Thats interesting, i don't see these as occupying the same space. Clickhouse is in the space of realtime analytics and Snowflake is a data warehouse. Although you could use Clickhouse for similar things it will fail at doing large distributed joins and similarly Snowflake will have trouble meeting a subsecond SLO.
also FWIW Clickhouse's cloud offering also decouples storage and compute using an object store, but they found a good middleground where they keep local caches of hot data.
But CH is capable of the same “data warehousing” features that snowflake is.
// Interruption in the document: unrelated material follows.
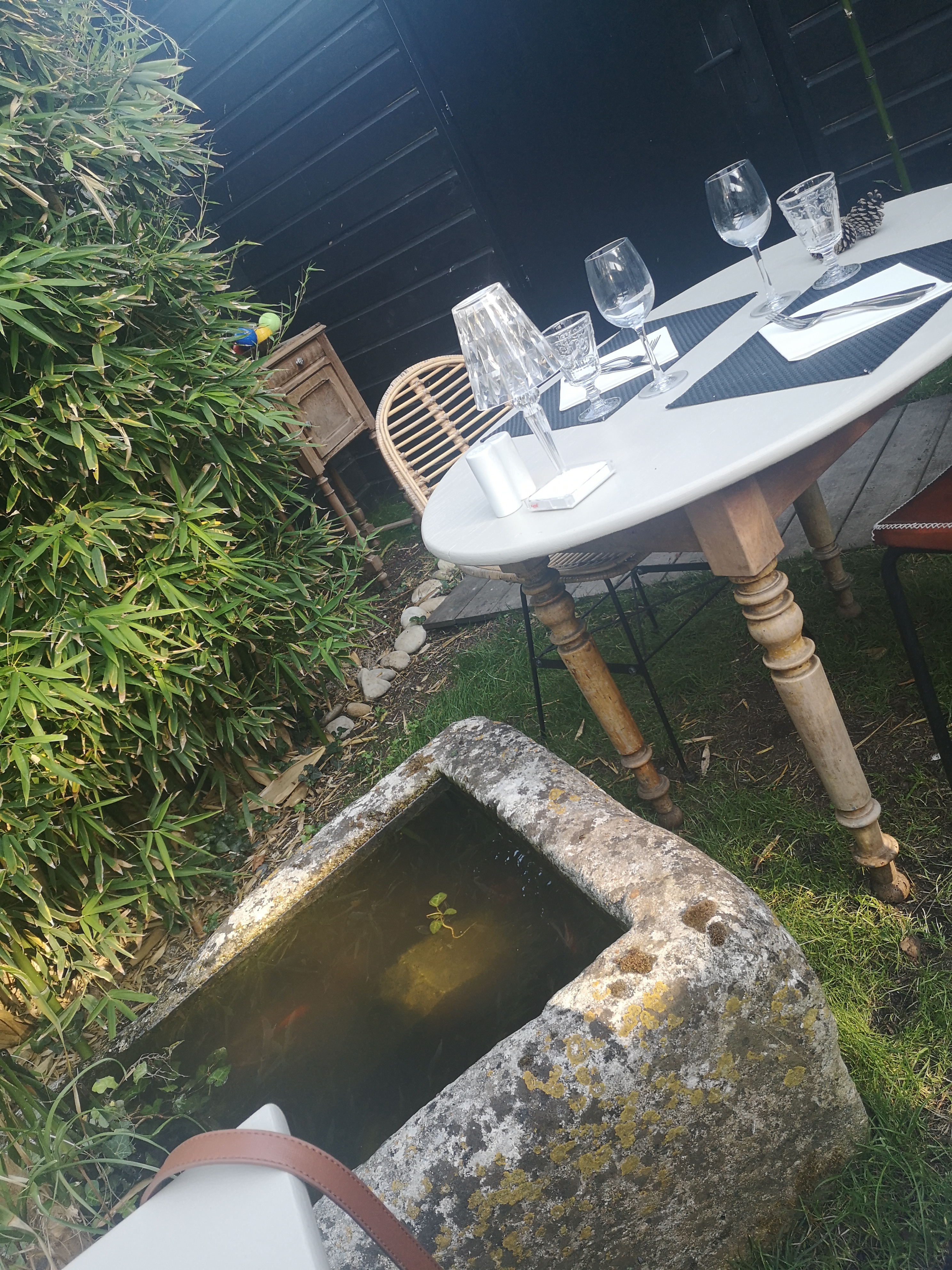 Très bel endroit au calme, beau cadre ou l 'art de la table est mise en valeur. Mélange d 'art et d'objets de brocante. Patron accueillant et serveuses agréable, parfait. Le restaurant n 'était pas plein ce midi là, donc service détendu. Tout les plats que nous avons goûtés étaient excellent. Les chèques vacances de type ANCV sont acceptés.

Which leaves snowflake as a slower, less capable, less open, and more expensive alternative.
Which brings me to the next point: I’m convinced the delineation between “data warehouse” and “olap” is largely a marketing move designed to segment the market along made up boundaries.
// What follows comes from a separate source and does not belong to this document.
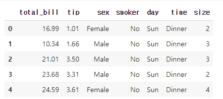 seaborn에 내장되어 있는 dataset으로 tip에 관련된 데이터입니다.

Snowflake and ClickHouse are very different in their focus.
Snowflake is focused on enterprise customers. It has a lot of features focused on that, like very granular security and governance and data marketplace. There's also some non-enterprise features that ClickHouse lacks, like the ability to execute Python in database (so you can bring ML in).
But the biggest difference is that Snowflake is storage segregated architecture. Scaling Snowflake is done by running "alter warehouse resize" or something. You can also dedicate specific compute slices to specific users and scale them up and down as needed. And this is all managed for you.
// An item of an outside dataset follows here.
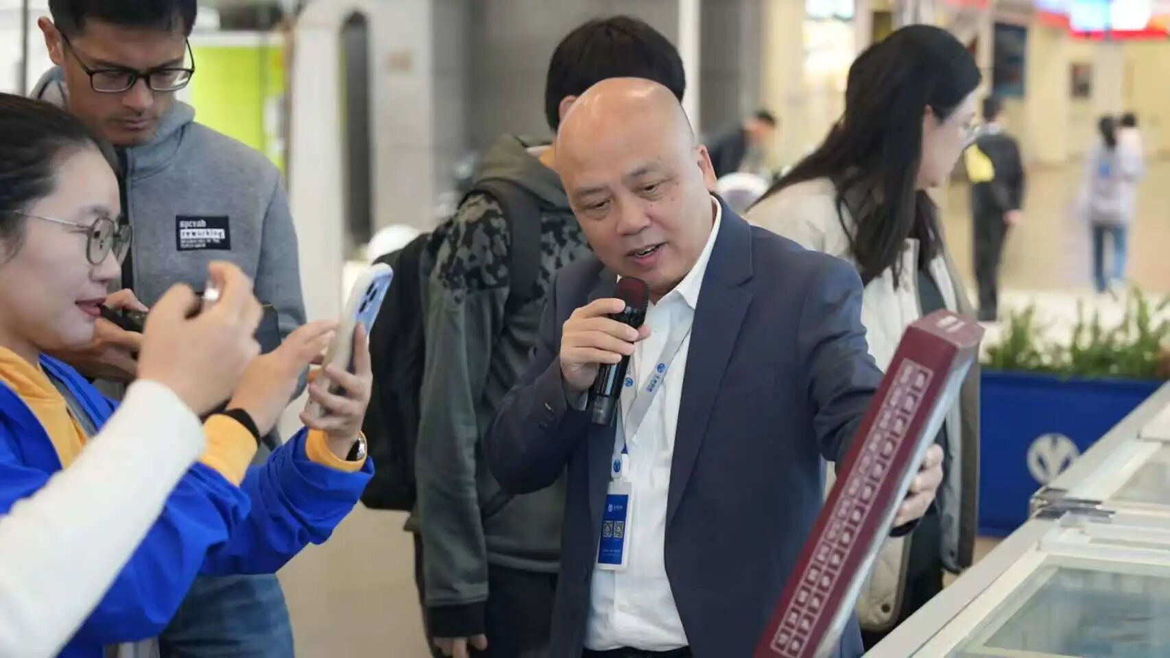 園區中庭,“鏈通全球,食惠萬家”全球凍品囤貨節正值高潮。園區內近50家優質商戶攜明星產品亮相,更有園區冷庫內2.5萬款產品麵向市場,吸引了近千名本地餐飲和華南二/三批市場的采購商到場參與。而這隻是91视频下载安装冷鏈組織的常態化采銷對接活動的一個縮影。

If you want to run ClickHouse at scale, you have to run your own k8s, figure out how to manage persistent storage, figure out how to replicate your data, manage cluster replicated tables, etc. Once you outgrow single instance, things get exponentially more difficult - both for the admins and for the users.
Also, while ClickHouse can do joins and is getting better and better optimizer as we speak, and is probably faster than Snowflake for the same money on "single big table analytics" kind of workload, I would expect it to perform much worse in traditional analytics queries, like you would find in TPC-DS.
> If you want to run ClickHouse at scale, you have to run your own k8s, figure out how to manage persistent storage, figure out how to replicate your data, manage cluster replicated tables, etc. Once you outgrow single instance, things get exponentially more difficult - both for the admins and for the users.
This greatly overstates the difficulty of running ClickHouse as well as the current state of the market.
1. ClickHouse has a good Kubernetes operator written by Altinity that manages most of the basic Kubernetes operations. It's used to operate many thousands of ClickHouse clusters worldwide both self-managed environments as well as multiple SaaS offerings of ClickHouse. (Disclaimer: it's written by my company.)
2. If you don't want the trouble of running ClickHouse there are now multiple cloud vendors in every geographic region offering ClickHouse-as-a-Service. Among other things competition keeps prices reasonable and ensures plenty of choice for users.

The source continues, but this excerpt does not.